* **Your goal**
Could you set down the listing below exactly, leaving out its pictures?

::: Given data :::

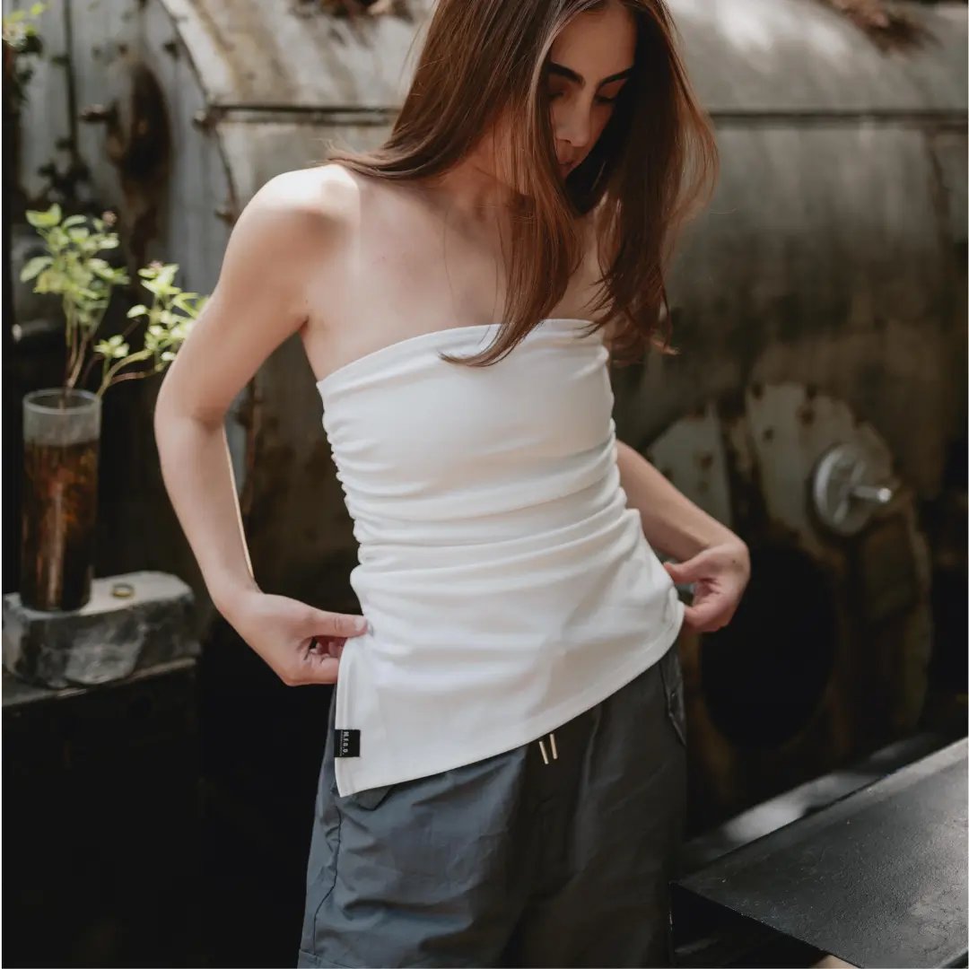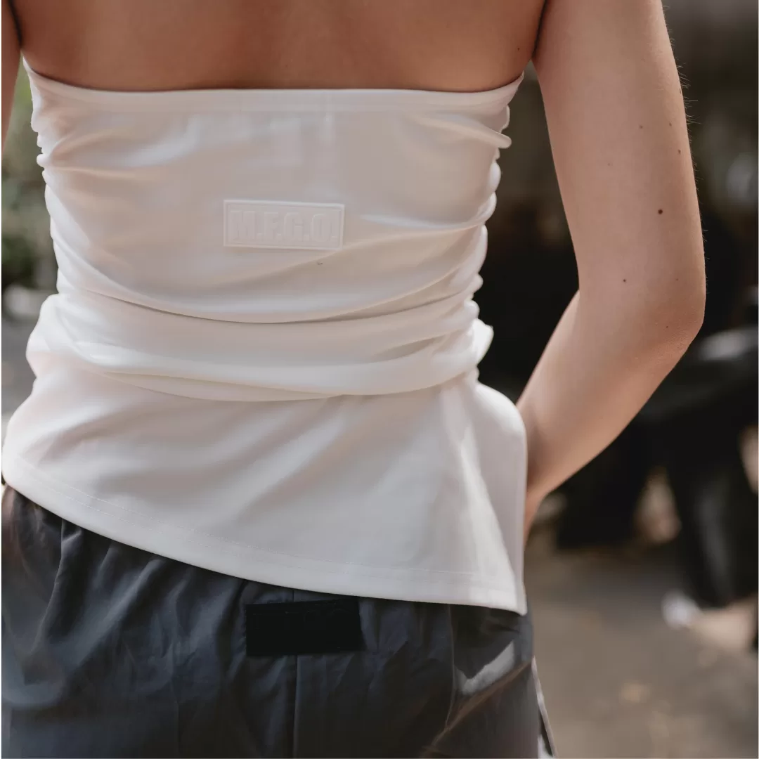 Diseñado para convertirse en tu nuevo go-to, este top blanco strapless con corte asimétrico redefine lo que significa ser básico. Su silueta minimalista y su diseño fuera de lo común hacen que combine con todo, pero nunca pase desapercibido.
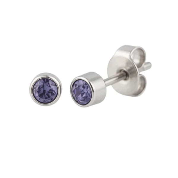 EARP:21-306-fp – Sterling Silver 4mm Bezel Birthstone Earrings with 3mm Tanzanite Crystal (June)
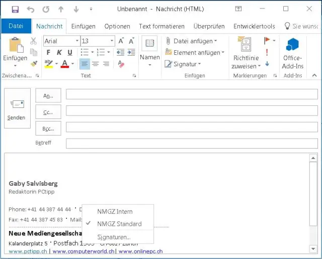 Sofern Sie mindestens zwei verschiedene Signaturen eingerichtet haben, können Sie fortan beim Schreiben der Mail mit zwei Klicks von der einen auf die andere Signatur umschalten.

:::

* **Task response**
 Diseñado para convertirse en tu nuevo go-to, este top blanco strapless con corte asimétrico redefine lo que significa ser básico. Su silueta minimalista y su diseño fuera de lo común hacen que combine con todo, pero nunca pase desapercibido.
 EARP:21-306-fp – Sterling Silver 4mm Bezel Birthstone Earrings with 3mm Tanzanite Crystal (June)
 Sofern Sie mindestens zwei verschiedene Signaturen eingerichtet haben, können Sie fortan beim Schreiben der Mail mit zwei Klicks von der einen auf die andere Signatur umschalten.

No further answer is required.